In an acute inhalation toxicity study, comparable to OECD 403, rats (3/sex-dose) were exposed for 8 hours to a saturated 2-ethyl-4-methylimidazole atmosphere vapour at 20°C (0.03 mg/L) followed by a 14-day observation period (1977). No mortality occurred. Clinical signs consisted of distinct mucous membrane irritation and necropsy was without findings.The LC50 was > 0.03 mg/L.

 

Dermal toxicity

In an acute dermal toxicity study, comparable to OECD 402, Vienna White Rabbits (5/sex) were administered 2-ethyl-4-methylimidazole (400 mg/kg bw) (1979). 2-ethyl-4-methylimidazole was dissolved in distilled water and applied on the skin (skin area of approx 180 cm2) and covered in aluminium foil fixed with adhesive tape. The treated skin was washed after 24 hours and a 8 day observation period followed. No mortality was observed during this period resulting in a LD50 > 400mg/kg bw.

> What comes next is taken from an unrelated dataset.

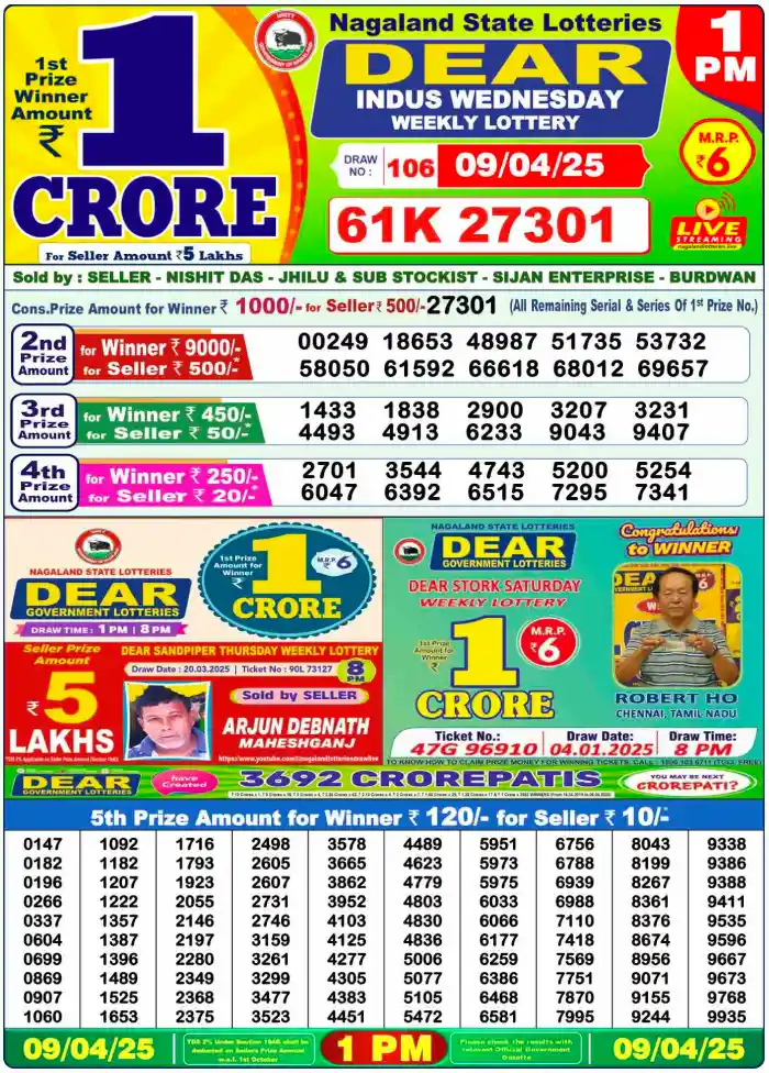 Sambad Lottery Day Result 6 PM 9.4.2025. Free download Nagaland Dear Lottery Sambad 6 PM Day Result Online. Lottery Sambad Day Result 6 PM 9-4-2025.

Justification for classification or non-classification

As no mortality was observed in the acute inhalation toxicity study (LC50 > 0.03 mg/L, highest possible concentration) and acute dermal study (LD50 > 400 mg/kg bw), classification for acute inhalation and dermal toxicity is not needed. Based on the available data, 2-ethyl-4-methylimidazole has to be classified for acute oral toxicity. According to the EU Classification, Labelling and Packaging of Substances and Mixtures (CLP) Regulation (EC) No. 1272/2008, the classification is H302, Cat. 4.